Exercise: Reproduce exactly only the lines from the line that holds "Imitation pearl pendant" to the line that holds "Salon de jardin", inclusive, in the listing below, and please leave out every picture.

Record excerpts START

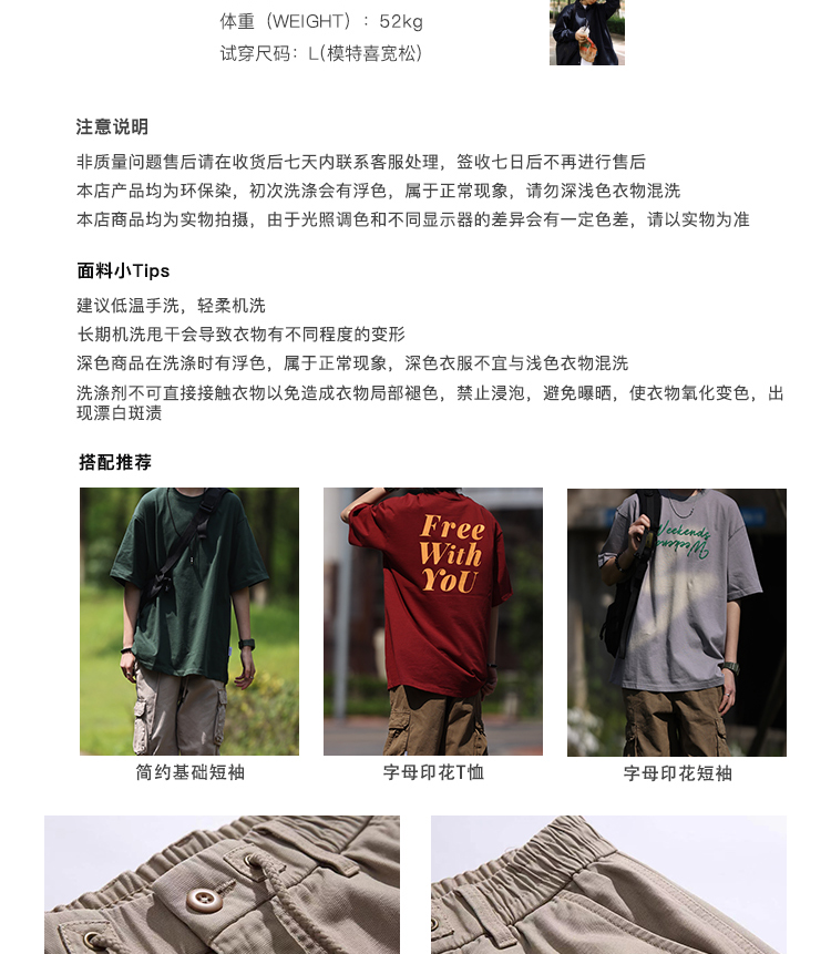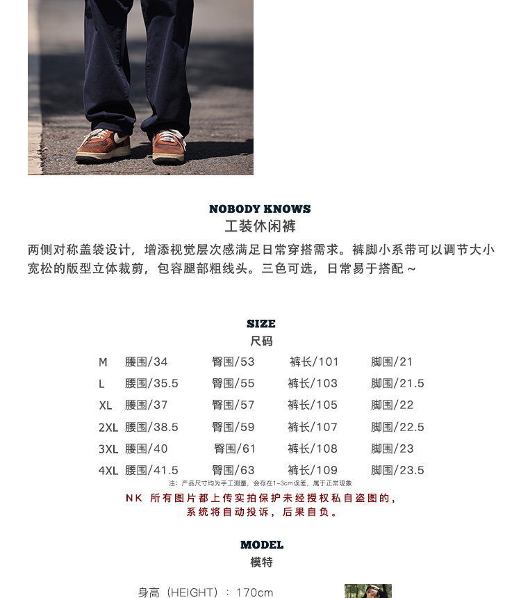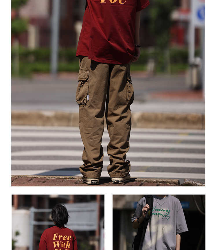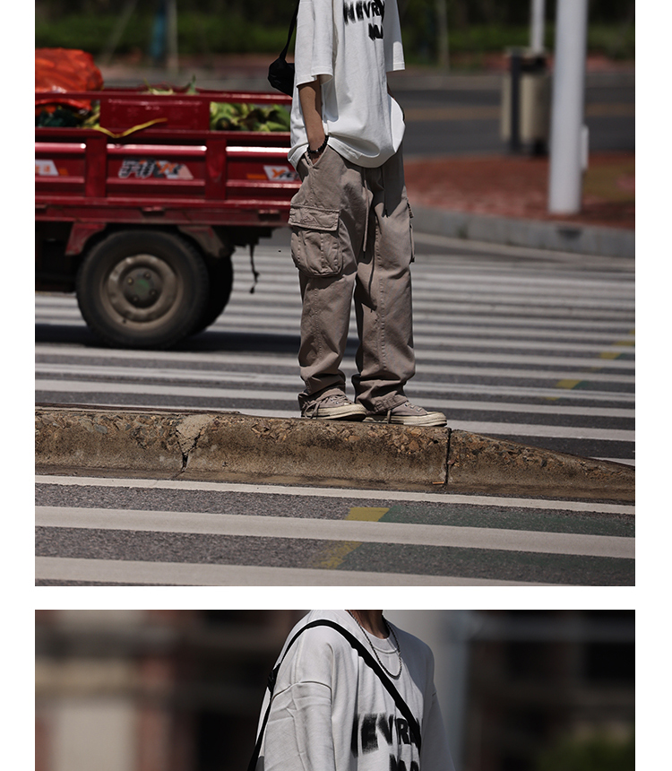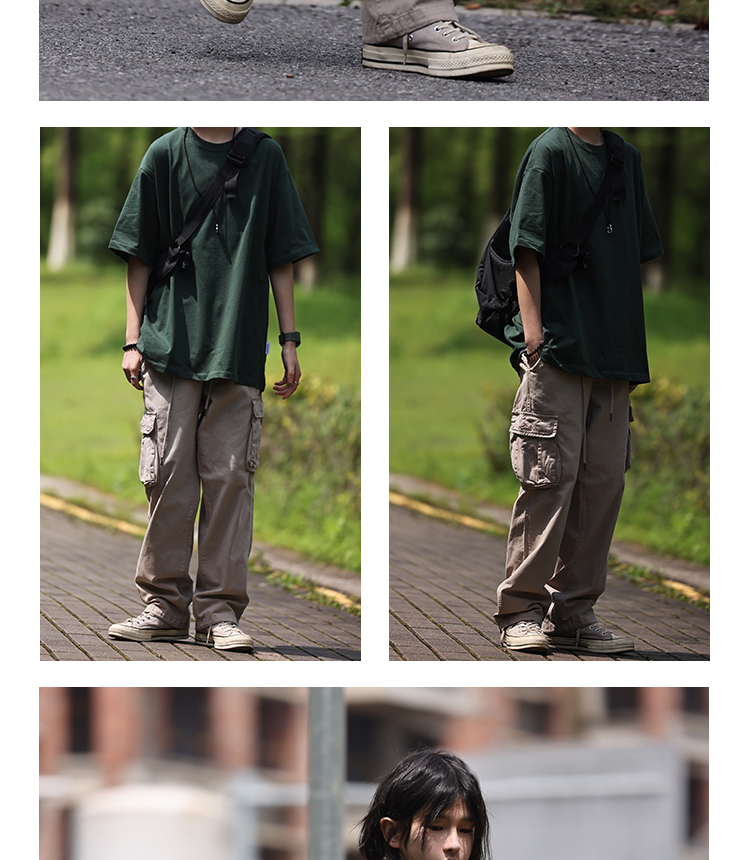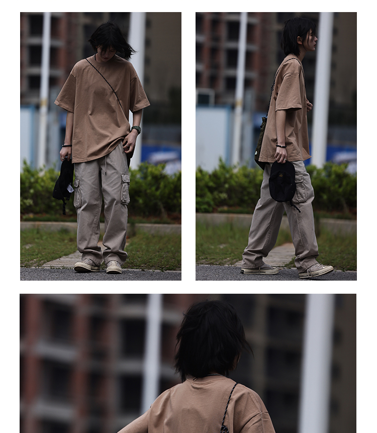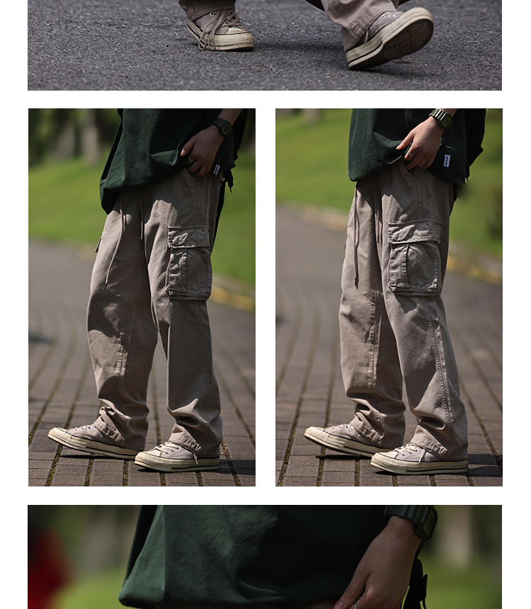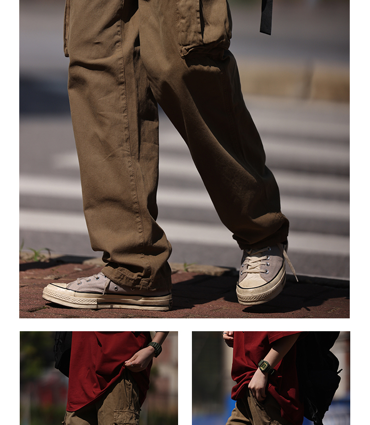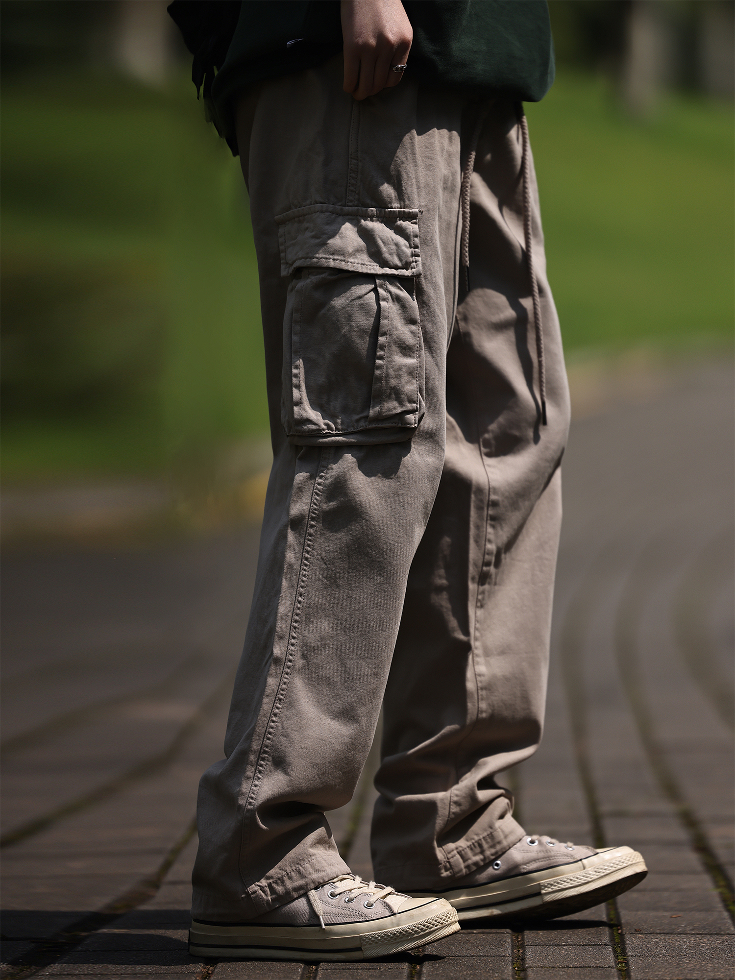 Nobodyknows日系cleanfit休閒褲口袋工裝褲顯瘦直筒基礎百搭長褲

Record excerpts END
Record excerpts START

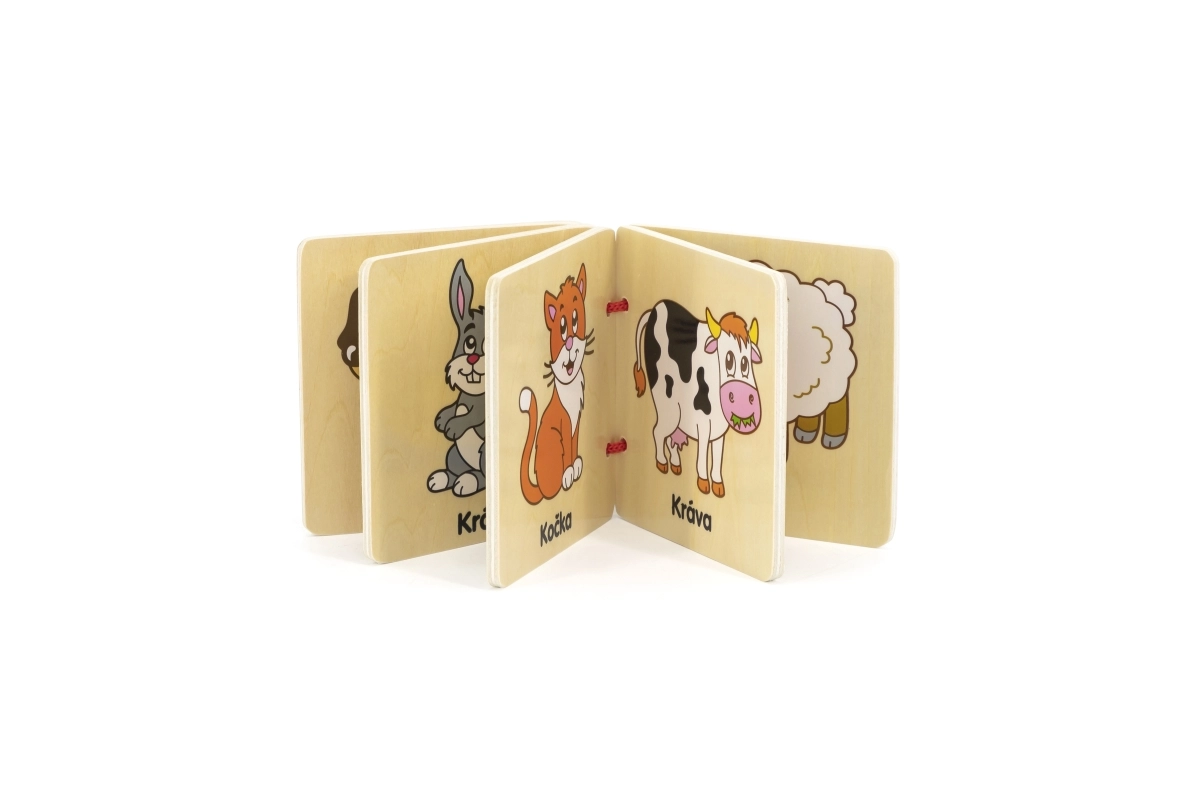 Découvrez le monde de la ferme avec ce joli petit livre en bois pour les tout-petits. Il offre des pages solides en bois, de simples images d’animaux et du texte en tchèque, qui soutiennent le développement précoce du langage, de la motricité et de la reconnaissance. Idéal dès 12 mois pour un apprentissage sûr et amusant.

Record excerpts END
Record excerpts START

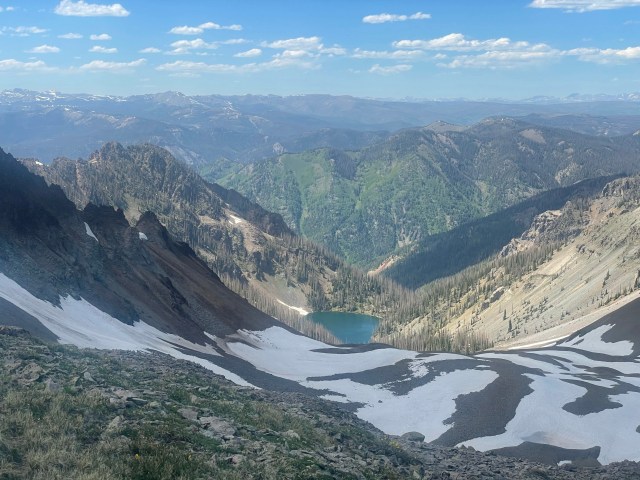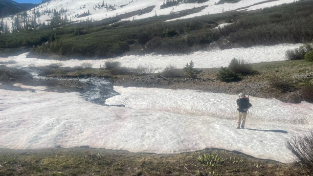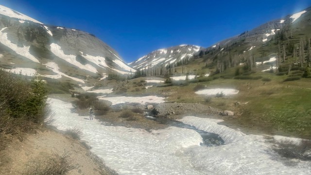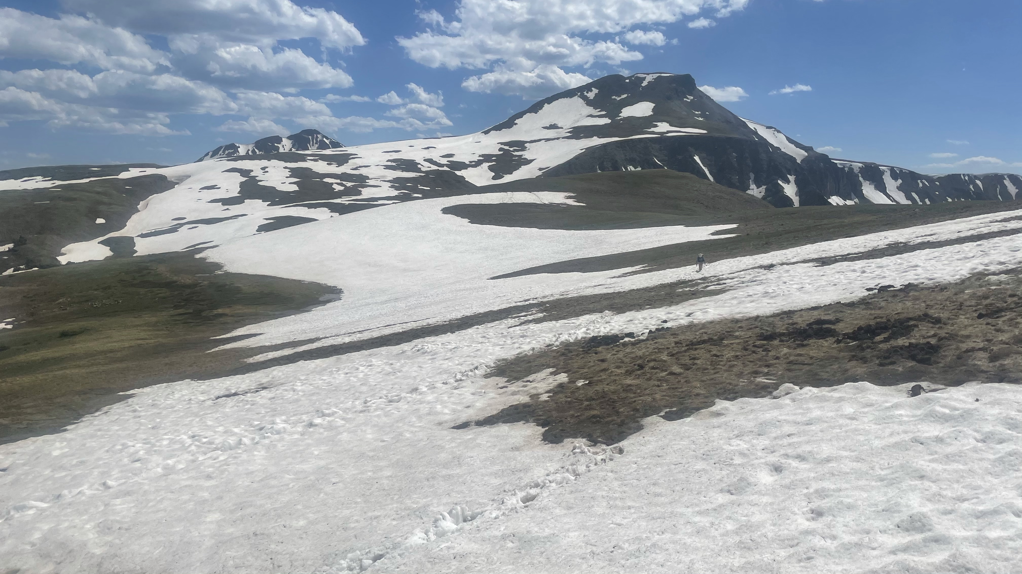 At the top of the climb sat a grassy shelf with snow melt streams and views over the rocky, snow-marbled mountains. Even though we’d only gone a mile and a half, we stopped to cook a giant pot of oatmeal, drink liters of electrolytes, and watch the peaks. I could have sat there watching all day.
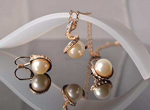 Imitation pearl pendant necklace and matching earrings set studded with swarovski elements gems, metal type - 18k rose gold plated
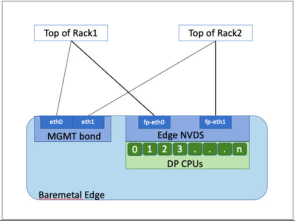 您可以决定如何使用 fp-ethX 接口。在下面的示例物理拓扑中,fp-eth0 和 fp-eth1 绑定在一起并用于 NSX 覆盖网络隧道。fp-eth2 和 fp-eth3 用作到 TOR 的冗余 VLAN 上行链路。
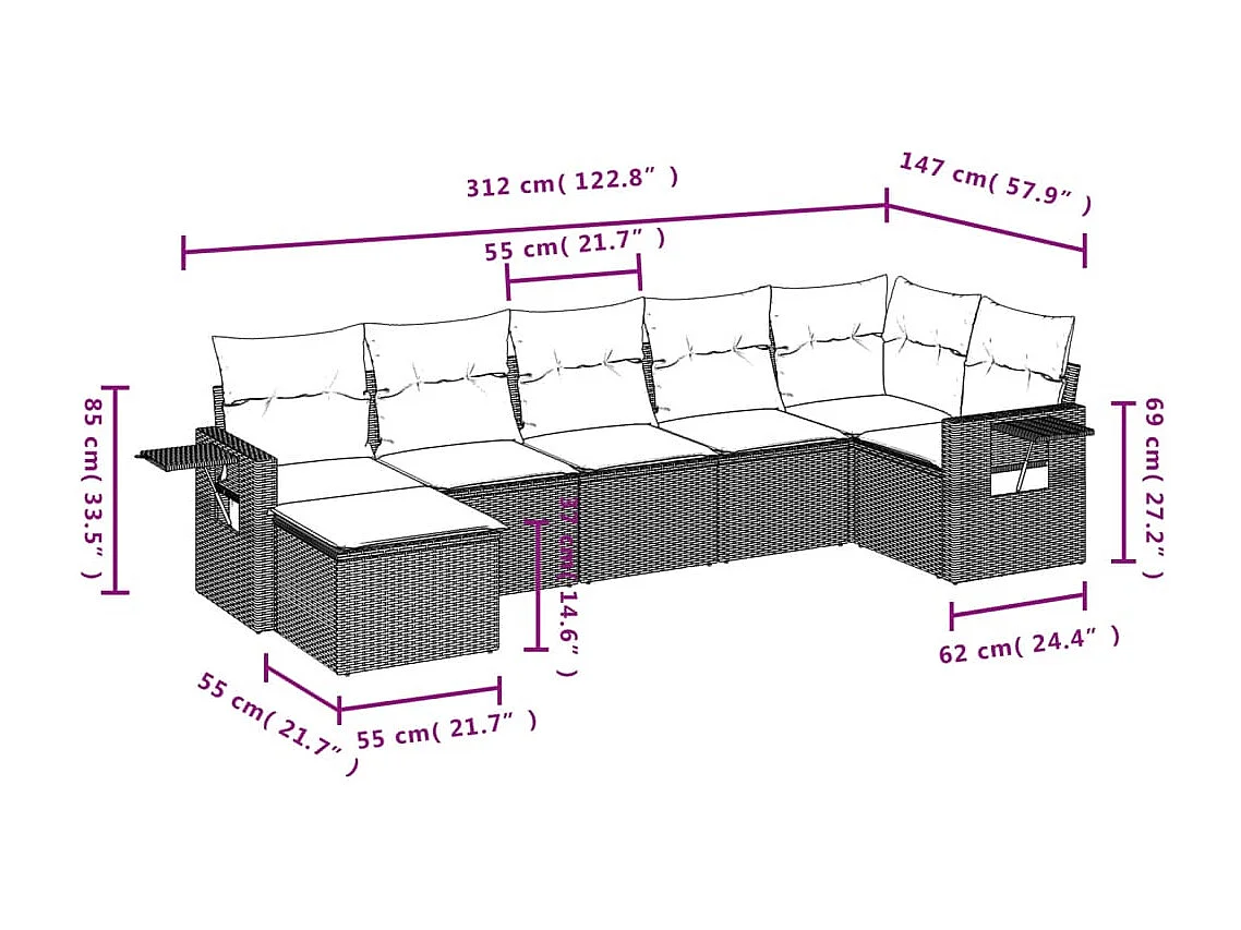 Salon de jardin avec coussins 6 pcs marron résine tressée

Record excerpts END

Solution for this task:
 Imitation pearl pendant necklace and matching earrings set studded with swarovski elements gems, metal type - 18k rose gold plated
 您可以决定如何使用 fp-ethX 接口。在下面的示例物理拓扑中,fp-eth0 和 fp-eth1 绑定在一起并用于 NSX 覆盖网络隧道。fp-eth2 和 fp-eth3 用作到 TOR 的冗余 VLAN 上行链路。
 Salon de jardin avec coussins 6 pcs marron résine tressée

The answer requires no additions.